● Exercise:
Without the pictures, print each of the records below exactly as it appears.
START Data to use
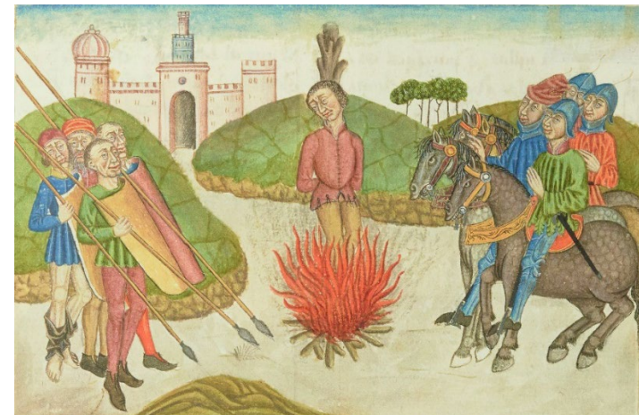
Miniatura del Libro del Caballero Zifar / Miniature of the Book of the Knight Zifar (Paris, Bibliothèque Nationale, Espagnol 36)
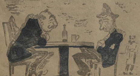
გერმანოსი ფილმისეკურ შიხარულად არის გერმანულეთიანს. — ნოვაკი რომ შინაფურლ დამოკიდებულეთი უნდა გადაჩრჩეს შინაურ პატრიოტობას.
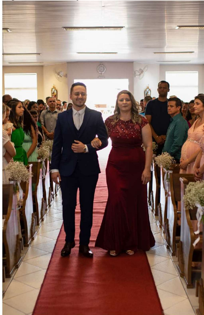
Figura 10 - Cortejo do noivo com sua mãe
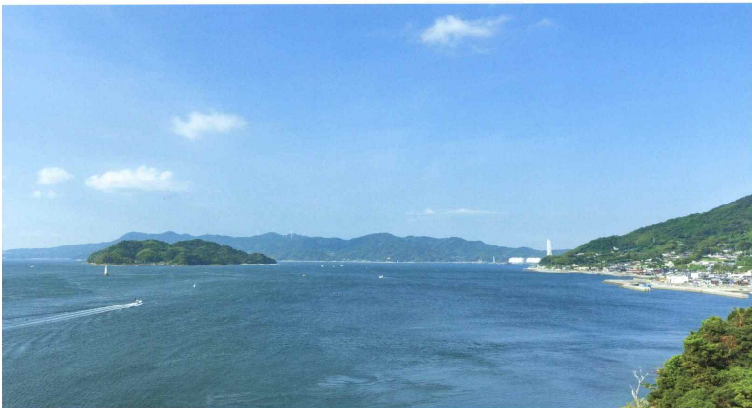
大島大橋から柳井港を望む
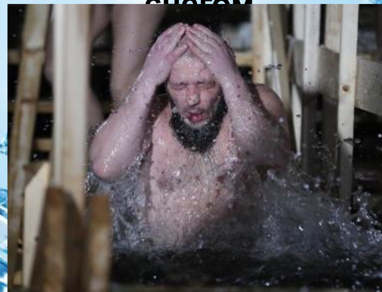
Купание в проруби
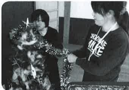
▲ツリーの飾り付け
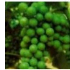
79 - Racimo cerrado 34 - Racimo cerrado
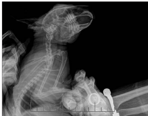
Ryc. 2. Boczna projekcja czaszki dorosłej samicy królika miniaturowego. U zwierzęcia występował izotop
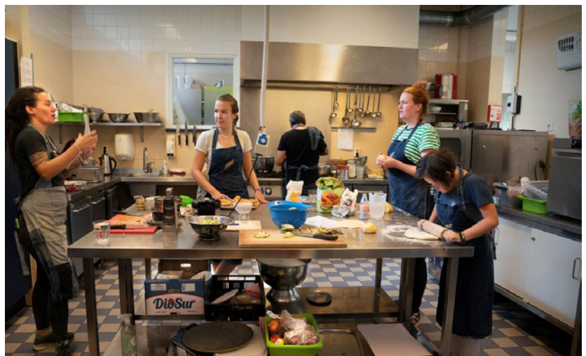
Beeld: Skills in de stad Maastricht

In de voormalige kazerne van de Marechaussee (KMAR) in Maastricht komen 30 woonplekken om kwetsbare jonge mensen betere kansen te geven. Nederland telt veel jongeren die zonder diploma, of door andere omstandigheden, moeilijk aan het werk kunnen komen. Deze jongeren verdienen een extra steuntje in de rug. Daarvoor hebben het Rijksvastgoedbedrijf en het Atelier Rijksbouwmeester in samenwerking met ICS-Advies, de Skills in de Stad aanpak ontwikkeld. De jongeren volgen een Skills programma van leren en werken met coaching en krijgen daar een eigen woonplek. Na circa twee jaar stromen de deelnemers door naar een eigen woonplek elders, waar ze zelfstandig wonen.
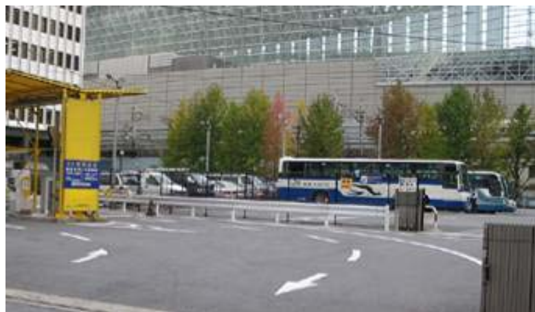
[ 駐車場入り口 ]
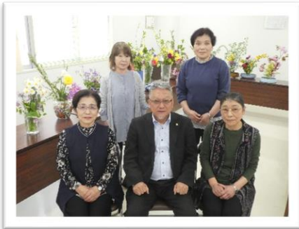
本立寺仏婦様 (4月19日)
END Data to use
● Result:
Miniatura del Libro del Caballero Zifar / Miniature of the Book of the Knight Zifar (Paris, Bibliothèque Nationale, Espagnol 36)
გერმანოსი ფილმისეკურ შიხარულად არის გერმანულეთიანს. — ნოვაკი რომ შინაფურლ დამოკიდებულეთი უნდა გადაჩრჩეს შინაურ პატრიოტობას.
Figura 10 - Cortejo do noivo com sua mãe
大島大橋から柳井港を望む
Купание в проруби
▲ツリーの飾り付け
79 - Racimo cerrado 34 - Racimo cerrado
Ryc. 2. Boczna projekcja czaszki dorosłej samicy królika miniaturowego. U zwierzęcia występował izotop
Beeld: Skills in de stad Maastricht

In de voormalige kazerne van de Marechaussee (KMAR) in Maastricht komen 30 woonplekken om kwetsbare jonge mensen betere kansen te geven. Nederland telt veel jongeren die zonder diploma, of door andere omstandigheden, moeilijk aan het werk kunnen komen. Deze jongeren verdienen een extra steuntje in de rug. Daarvoor hebben het Rijksvastgoedbedrijf en het Atelier Rijksbouwmeester in samenwerking met ICS-Advies, de Skills in de Stad aanpak ontwikkeld. De jongeren volgen een Skills programma van leren en werken met coaching en krijgen daar een eigen woonplek. Na circa twee jaar stromen de deelnemers door naar een eigen woonplek elders, waar ze zelfstandig wonen.
[ 駐車場入り口 ]
本立寺仏婦様 (4月19日)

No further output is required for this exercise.